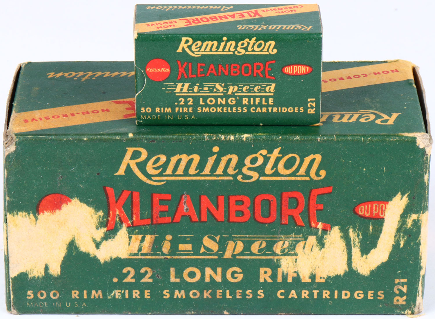 Remington, Kleanbore Hi-Speed, .22 Long Rifle, Partial 9 boxes, 1pc. Green white & red brick, brick is solid with excellent color, age soiling, scuffing, minor corner wear, edges are mostly crisp, end flaps are solid, 8 boxes minty, 1 box excellent. Grade: Very Good ++ - Value: 50 to 150
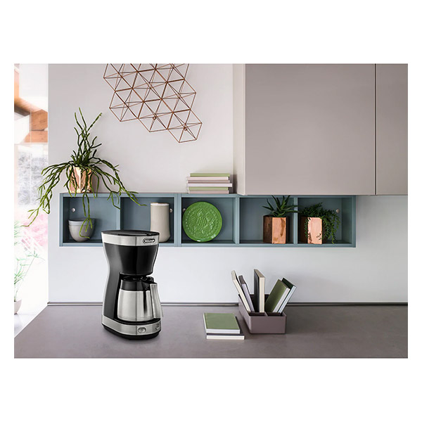 Η εκπληκτική καφετιέρα φίλτρου Delonghi ICM 16710 διαθέτει εξαιρετικό design με προηγμένα χαρακτηριστικά που έχουν σχεδιαστεί για να βελτιώσουν την εμπειρία σας στον καφέ - και να βελτιώσουν τη γεύση του τελικού αποτελέσματος. Χαρακτηριστικά: - Καφετιέρα σε Μαύρο/Inox χρωματισμό. - Εύκολη τοποθέτηση του φίλτρου (σχήμα V) - Αυτόματη λειτουργία stand-by μετά από 40 λεπτά - Ένδειξη στάθμης νερού - Χωρητικότητα 1.25 lt, δηλαδή 10 μεγάλα / 15 μικρά φλυτζάνια. - Aroma function: επιλογή ενίσχυσης αρώματος καφέ - Αποσπώμενη και πλενόμενη βάση φίλτρου. - Στοπ ροής - Ένδειξη λειτουργίας. - Ένδειξη στάθμης νερού. - Γυάλινη καράφα. Ισχύς: 1000 Watt.Χωρητικότητα: 1,25 lt (δηλαδή 10 μεγάλα ή 15 μικρά φλυτζάνια).Χρώμα: Μαύρο/Inox.Εγγύηση: 2 χρόνια.
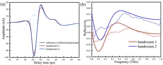 By numerical calculation, we show in Figure 10b how the reflectivity of handcream changes with the frequency. The reflectivity of handcream 1 is smaller than handcream 2, which is in good agreement with the experimental results. The two curves experience ups and downs and tend to be saturated around 0.55 THz. In this way, it is possible to quantitatively evaluate the properties of handcream.
──────────────────────────────
== Description of the task ==
The data is to be printed again exactly, but without its pictures.

== Reply to the exercise ==
 Remington, Kleanbore Hi-Speed, .22 Long Rifle, Partial 9 boxes, 1pc. Green white & red brick, brick is solid with excellent color, age soiling, scuffing, minor corner wear, edges are mostly crisp, end flaps are solid, 8 boxes minty, 1 box excellent. Grade: Very Good ++ - Value: 50 to 150
 Η εκπληκτική καφετιέρα φίλτρου Delonghi ICM 16710 διαθέτει εξαιρετικό design με προηγμένα χαρακτηριστικά που έχουν σχεδιαστεί για να βελτιώσουν την εμπειρία σας στον καφέ - και να βελτιώσουν τη γεύση του τελικού αποτελέσματος. Χαρακτηριστικά: - Καφετιέρα σε Μαύρο/Inox χρωματισμό. - Εύκολη τοποθέτηση του φίλτρου (σχήμα V) - Αυτόματη λειτουργία stand-by μετά από 40 λεπτά - Ένδειξη στάθμης νερού - Χωρητικότητα 1.25 lt, δηλαδή 10 μεγάλα / 15 μικρά φλυτζάνια. - Aroma function: επιλογή ενίσχυσης αρώματος καφέ - Αποσπώμενη και πλενόμενη βάση φίλτρου. - Στοπ ροής - Ένδειξη λειτουργίας. - Ένδειξη στάθμης νερού. - Γυάλινη καράφα. Ισχύς: 1000 Watt.Χωρητικότητα: 1,25 lt (δηλαδή 10 μεγάλα ή 15 μικρά φλυτζάνια).Χρώμα: Μαύρο/Inox.Εγγύηση: 2 χρόνια.
 By numerical calculation, we show in Figure 10b how the reflectivity of handcream changes with the frequency. The reflectivity of handcream 1 is smaller than handcream 2, which is in good agreement with the experimental results. The two curves experience ups and downs and tend to be saturated around 0.55 THz. In this way, it is possible to quantitatively evaluate the properties of handcream.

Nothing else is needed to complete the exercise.